> _WHAT YOU ARE ASKED TO DO_: Please, from the entries below, transcribe exactly the lines that begin at the line with "महासचिव दिपक सापकोटा" and end at the line with "Prepare seu pequeno", without the pictures.

> _PROVIDED DATA_:
______
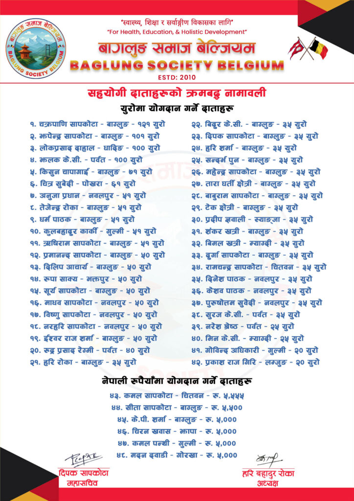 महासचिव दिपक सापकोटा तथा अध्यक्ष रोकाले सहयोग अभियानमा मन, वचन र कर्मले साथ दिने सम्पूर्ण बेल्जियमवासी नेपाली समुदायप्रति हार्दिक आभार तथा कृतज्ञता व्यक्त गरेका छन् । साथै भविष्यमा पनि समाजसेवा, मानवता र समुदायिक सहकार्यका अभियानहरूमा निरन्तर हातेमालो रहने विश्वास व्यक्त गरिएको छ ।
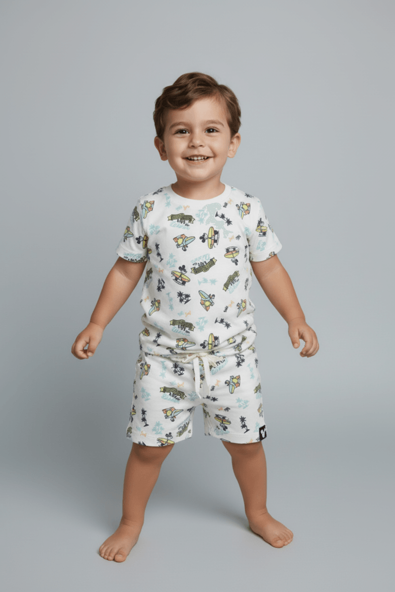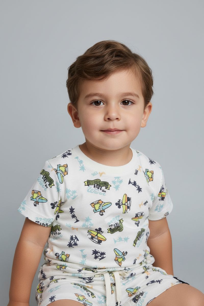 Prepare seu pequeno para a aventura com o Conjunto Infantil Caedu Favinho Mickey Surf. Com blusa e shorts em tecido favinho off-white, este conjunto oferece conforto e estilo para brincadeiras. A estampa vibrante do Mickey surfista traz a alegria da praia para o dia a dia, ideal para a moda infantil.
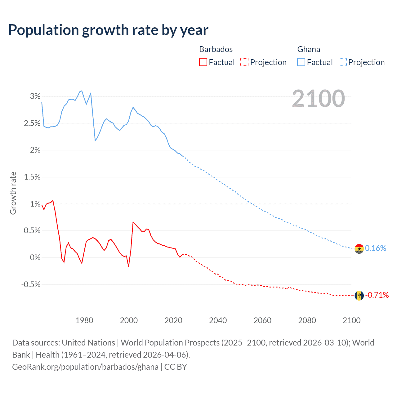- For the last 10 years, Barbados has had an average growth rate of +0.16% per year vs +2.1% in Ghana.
______
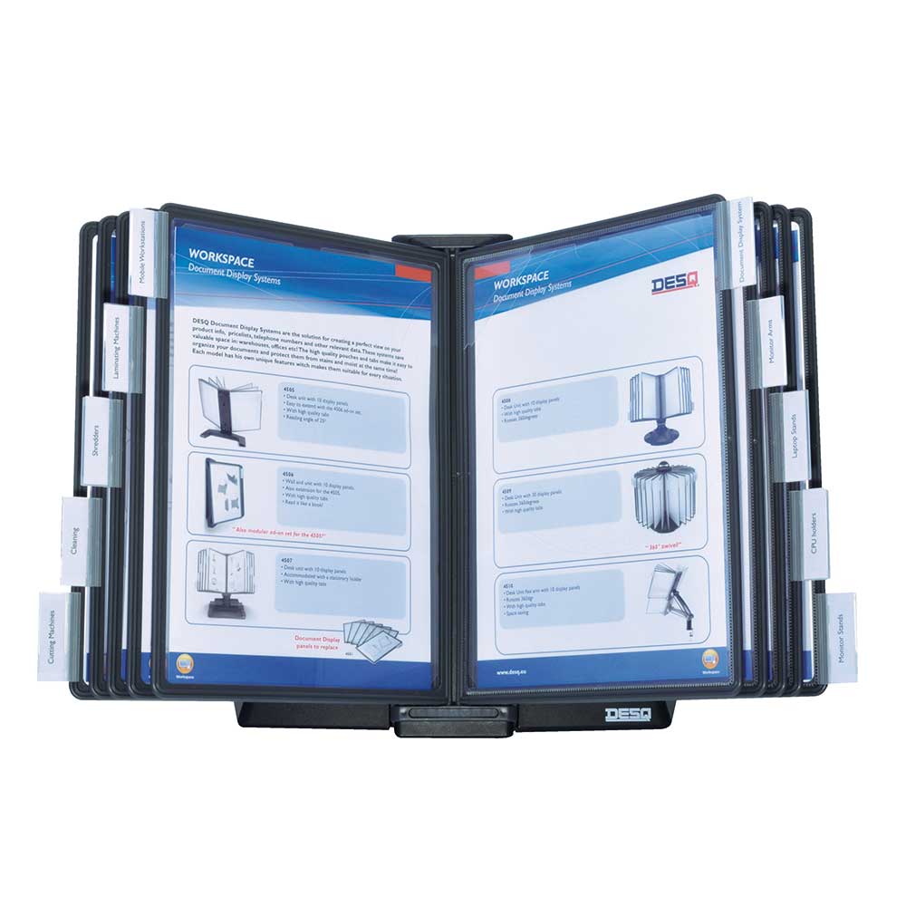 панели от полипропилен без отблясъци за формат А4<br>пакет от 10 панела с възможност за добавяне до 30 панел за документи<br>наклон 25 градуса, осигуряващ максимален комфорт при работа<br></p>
______
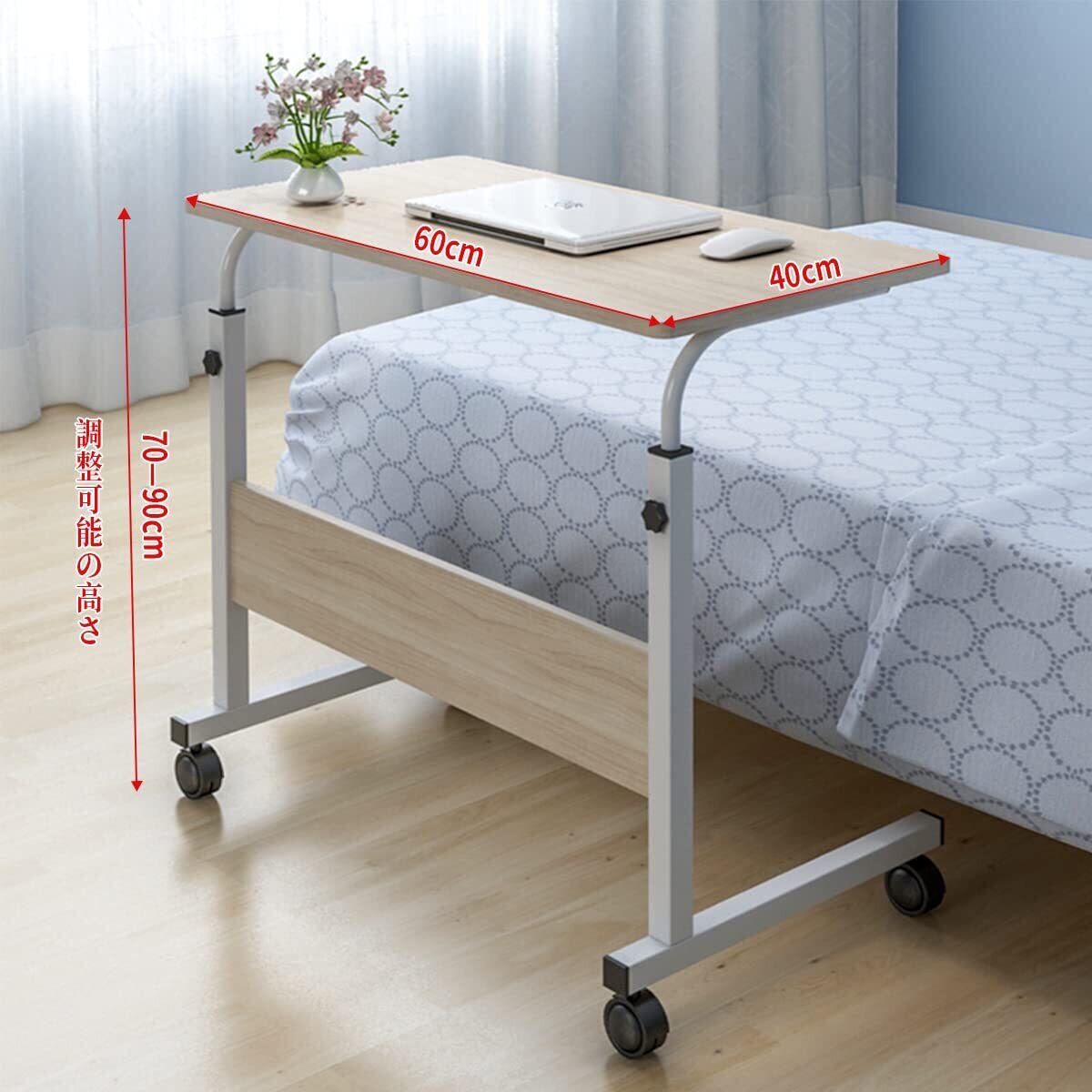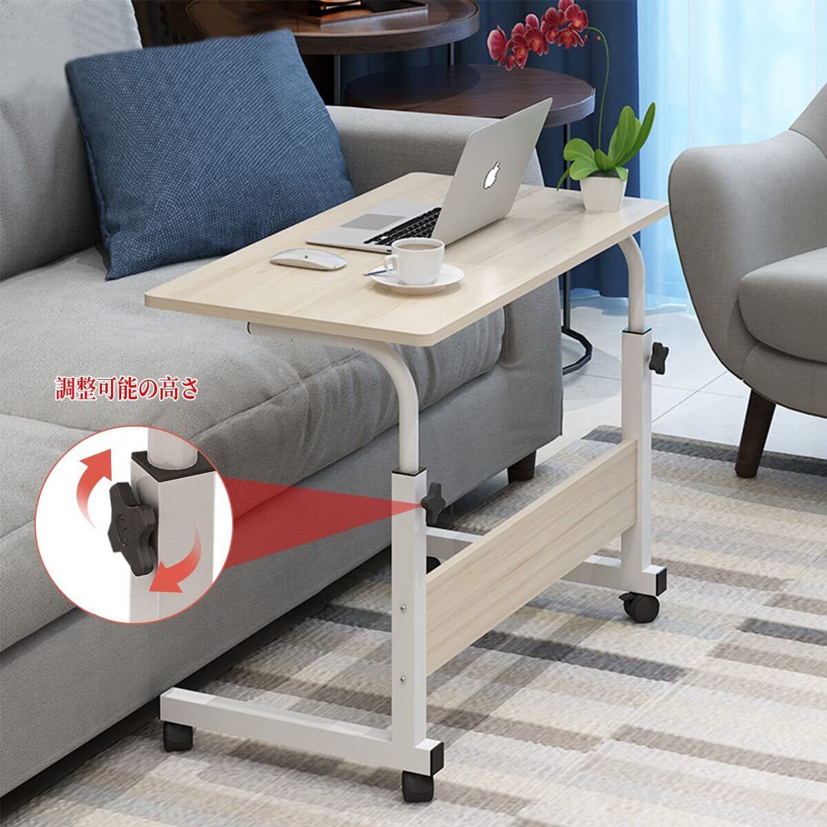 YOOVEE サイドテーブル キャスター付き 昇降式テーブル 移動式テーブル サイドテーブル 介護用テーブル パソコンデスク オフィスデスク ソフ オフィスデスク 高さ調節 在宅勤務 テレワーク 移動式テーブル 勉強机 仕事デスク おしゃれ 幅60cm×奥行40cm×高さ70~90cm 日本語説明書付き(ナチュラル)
______
> _THE ANSWER_:
 महासचिव दिपक सापकोटा तथा अध्यक्ष रोकाले सहयोग अभियानमा मन, वचन र कर्मले साथ दिने सम्पूर्ण बेल्जियमवासी नेपाली समुदायप्रति हार्दिक आभार तथा कृतज्ञता व्यक्त गरेका छन् । साथै भविष्यमा पनि समाजसेवा, मानवता र समुदायिक सहकार्यका अभियानहरूमा निरन्तर हातेमालो रहने विश्वास व्यक्त गरिएको छ ।
 Prepare seu pequeno para a aventura com o Conjunto Infantil Caedu Favinho Mickey Surf. Com blusa e shorts em tecido favinho off-white, este conjunto oferece conforto e estilo para brincadeiras. A estampa vibrante do Mickey surfista traz a alegria da praia para o dia a dia, ideal para a moda infantil.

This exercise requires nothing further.